Inside Docker? Use NVIDIA's nvcr.io/nvidia/cuda:<version>-devel container.

3. Build 🛠️

git clone <this-repo>.git
cd cuda_profiling_tutorial
make            # builds all five binaries
# or individually:
make naive      # -> ./naive_gemm
make nvtx       # -> ./nvtx_gemm
make pinned     # -> ./pinned_gemm
make tiled      # -> ./tiled_gemm
make debug      # -> ./debug_gemm

4. Quick Start 🚀

4.1 Run the baseline kernel

./naive_gemm 2048          # C = A×B (row-major), N=2048

4.2 Profile with Nsight Systems

nsys profile --trace=cuda -o gemm_full ./naive_gemm 2048
# Produces gemm_full.nsys-rep (timeline incl. copies + kernel)

Want to capture only the kernel (NVTX range)?

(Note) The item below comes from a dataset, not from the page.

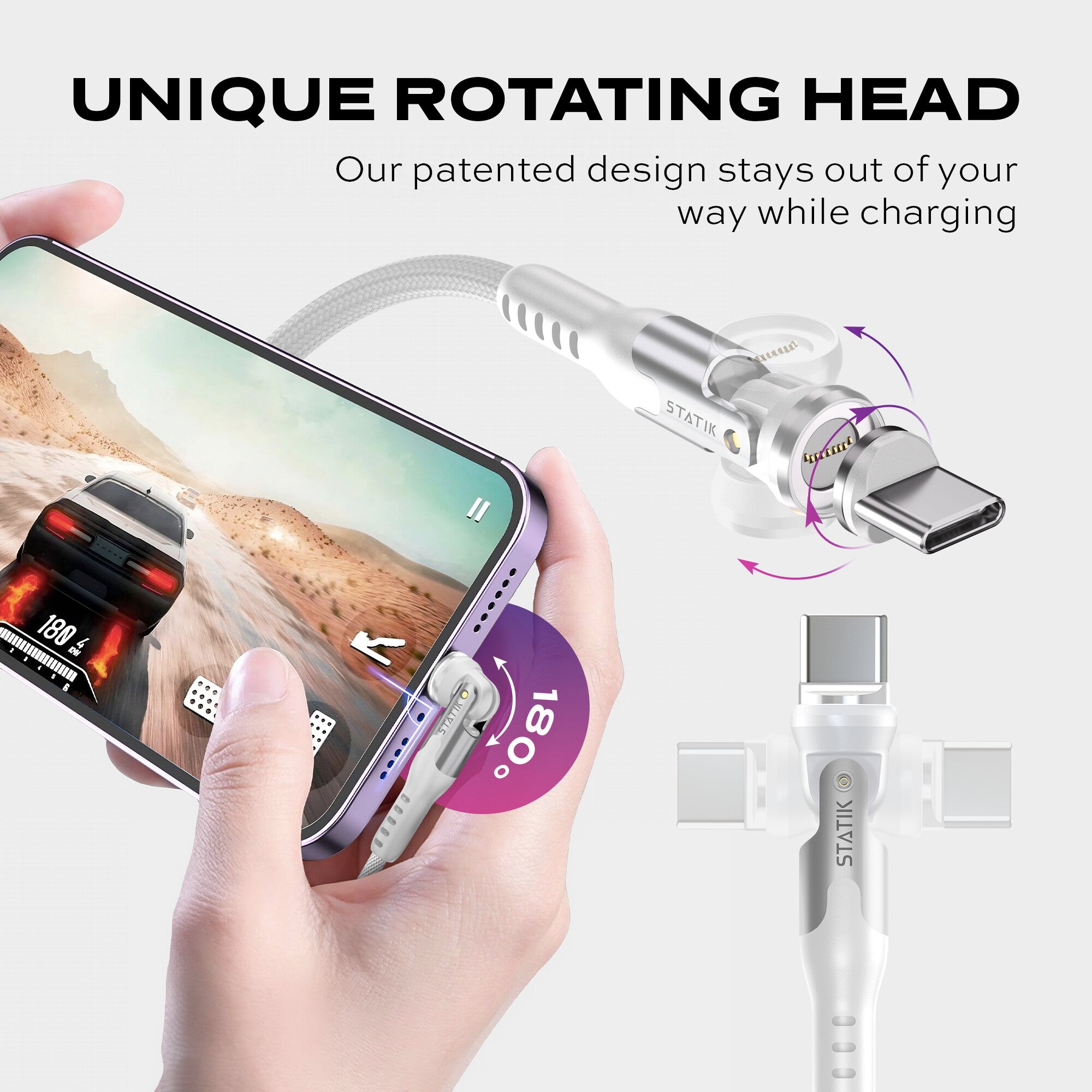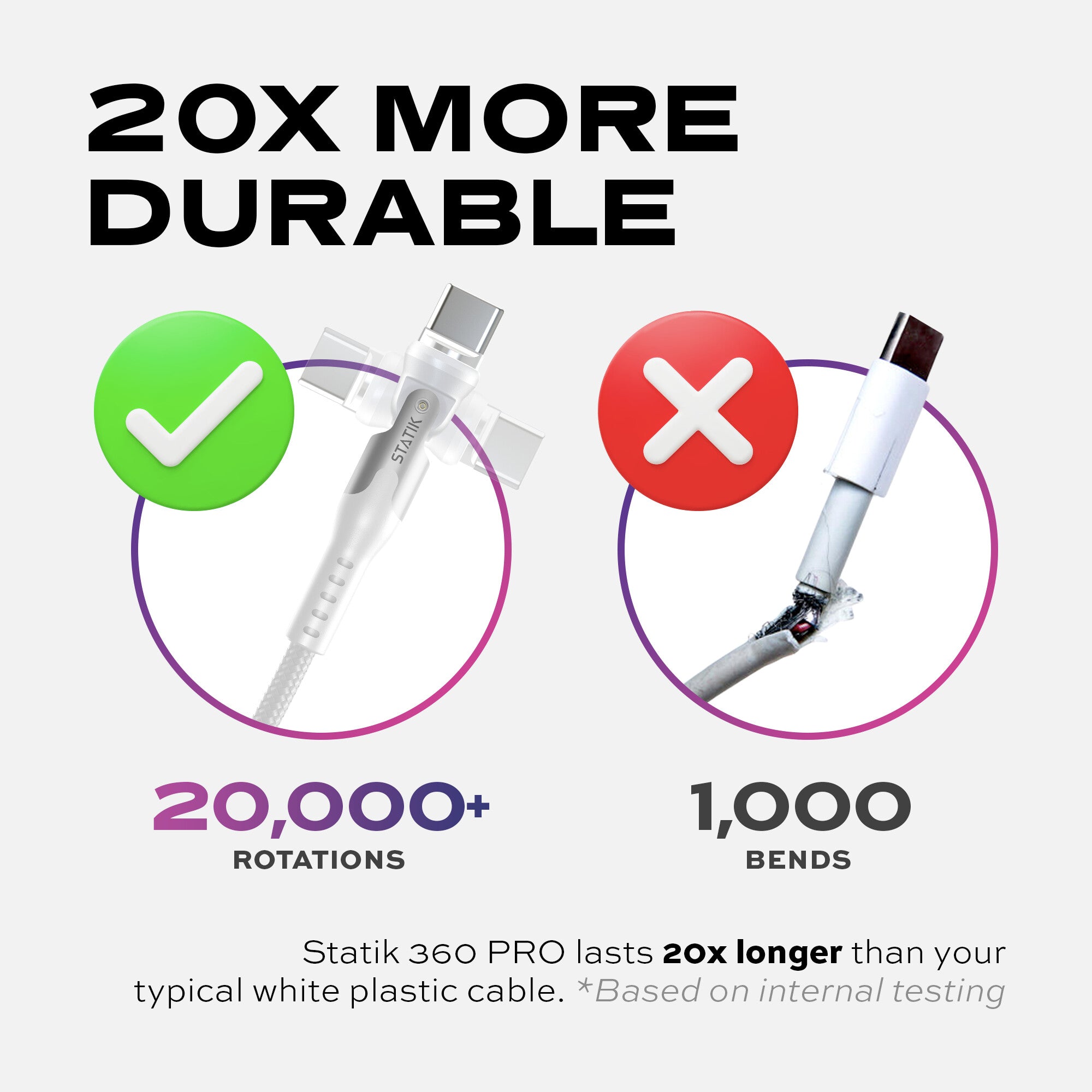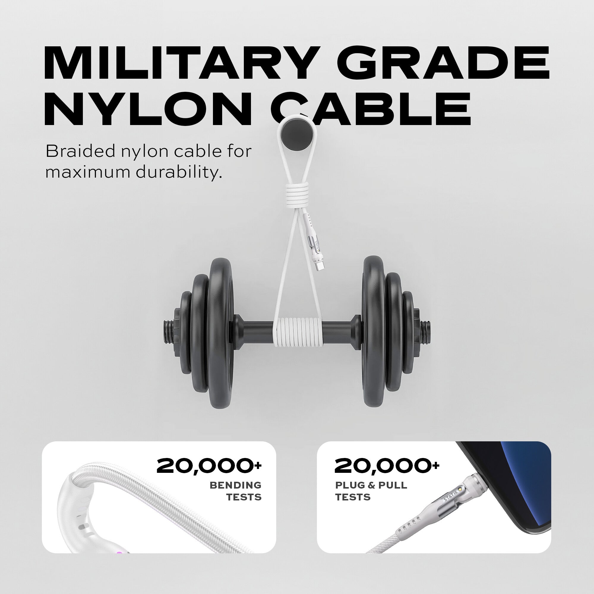 Made out of Ultra Durable Nylon Braid, Statik 360 Pro has strong protection against fraying and breaking.

nsys profile --trace=cuda,nvtx --capture-range=nvtx \
             -o nvtx_only ./nvtx_gemm 2048

4.3 Deep dive with Nsight Compute

ncu --set full -o tiled_report ./tiled_gemm 2048
# Creates tiled_report.ncu-rep  (open in GUI)

Text-dump the raw page:

ncu --import tiled_report.ncu-rep --page raw --csv \
    > tiled_raw.csv

5. Debugging Tutorial 🐛

The debug_gemm binary contains three kernel versions for learning CUDA debugging:

Kernel Type	Bug	Command
`correct`	None - reference implementation	`./debug_gemm correct 1024`
`no-bounds`	Missing bounds checks → out-of-bounds reads	`./debug_gemm no-bounds 1000`
`no-sync`	Missing `__syncthreads()` → race conditions	`./debug_gemm no-sync 2048`

5.1 Testing the Correct Version

./debug_gemm correct 1024
# Output: C[0] = 1024 (expected: 1024) ✓

5.1 Bug #1: Missing Bounds Checks

Debug with cuda-gdb:

cuda-gdb --args ./debug_gemm no-bounds 10000

(gdb) break matmul_no_bounds
(gdb) run
(gdb) cuda thread (31,31,0) block (31,31,0)
(gdb) print row
# Shows: row = 1023 (but N = 1000, so out of bounds!)
(gdb) print N
# Shows: N = 1000
(gdb) print row * N + threadIdx.x
# Shows index > 1000000 (out of bounds!)

5.2 Bug #2: Missing Synchronization

The Problem: Race condition - threads read from shared memory before other threads finish writing.

./debug_gemm no-sync 2048
# C[0] = unpredictable (changes each run)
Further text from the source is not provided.